Gone are the days when a hacker showed off their skills merely for “street cred” in the hacking community. Now, it’s a thriving business. The legitimate side of the business attracts ethical white hat hackers through vendor-agnostic vulnerability disclosure and bug bounty programs like the Zero Day Initiative and Bugcrowd, as well as many large enterprises that provide a payout for vulnerabilities specific to their products. The vendor-agnostic bug bounty programs provide a level of accountability to affected software vendors to fix their vulnerabilities within a reasonable timeframe, and occasionally will “drop a zero-day” (that is, responsibly disclose the vulnerability) to the public in an effort to force a procrastinating vendor to fix their bugs.

However, the dark side of the business is poised to be the third-largest economy by 2021. Cybercrime has entered an industrialization wave, generating revenues 12 times higher than the largest retailer in the world, with organizational structures mirroring most software companies that include product development, distribution, technical support, quality assurance, and customer service. Cybercrime as-a-service is also contributing to the growth of the cybercrime economy, as more sophisticated tools make malware services readily available and more affordable without the need for advanced hacking skills.

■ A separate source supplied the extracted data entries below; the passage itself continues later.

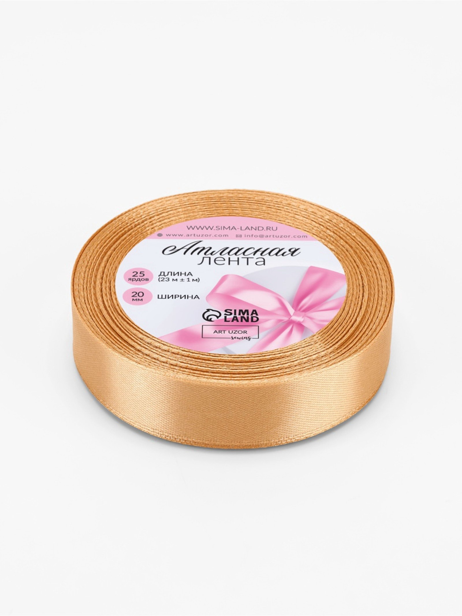 Лента атласная, 20 мм, 23+-1 м, золотисто-бежевая №114, 9x9x2 см., Арт Узор, Китай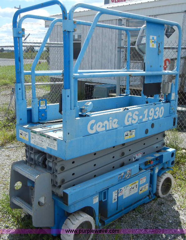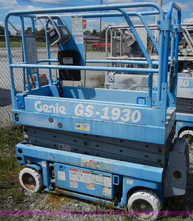 Purple Wave is selling a used Scissor or Vertical Lift in Tennessee. This item is a Genie GS1930 scissor lift with the following: 19' max lift height, 500 lb max lift, 48v, 12x4.5-8 tires, Plugin to 110v charge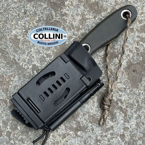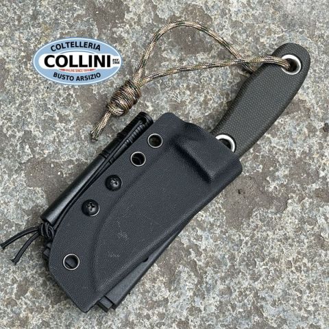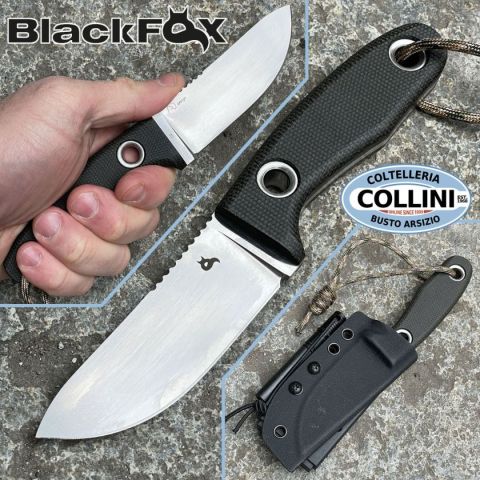 Destinazione d'uso: Bushcraft / Outdoor Tipo di produzione: IndustrialePaese di produzione: ChinaLama: full tang in acciaio al carbonio D2 temprato a 58/60HRCTrattamento lama: SatinaturaManicatura: MicartaLunghezza lama: 90mm.Spessore lama: 4mm.Lunghezza totale: 190mm.Peso: 165g.Fodero: in Kydex, con attacco di tipo Tek-LokConfezione: scatola in cartone con loghi BlackFoxNote: Acciarino per accendere il fuoco incluso, da inserire nel fodero - Design by Alfredo Doricchi

The growing use and commoditization of zero-day exploits are evidenced by research from FireEye Mandiant Threat Intelligence, which documented more zero-days exploited in 2019 than any of the previous three years. The growing number of private companies that provide offensive cyber tools and services, plus the advanced capabilities of espionage groups who weaponize vulnerabilities to take advantage of the window between vulnerability disclosure and patch application, are contributing to the increasing prevalence of zero-day attacks. A sampling of vulnerabilities studied between Q1 of 2018 and Q3 of 2019 shows that 58% of vulnerabilities were exploited as zero-days before a patch was available. And when patches are made available, hackers continued to exploit those vulnerabilities on the assumption that organizations haven’t patched their vulnerable systems.

Game Over: The Reality of Zero-Day Attacks

There have been some notable zero-day exploits that have flooded the headlines and compromised a significant number of enterprise networks worldwide. One of the most high-profile zero-day attacks in recent years is EternalBlue, which was developed by the U.S. National Security Agency and leaked by the Shadow Brokers hacker group on April 14, 2017. EternalBlue exploits a vulnerability in Microsoft’s Server Message Block (SMB) communication protocol, which mishandles specially crafted packets that allow remote hackers to execute arbitrary code on a targeted computer.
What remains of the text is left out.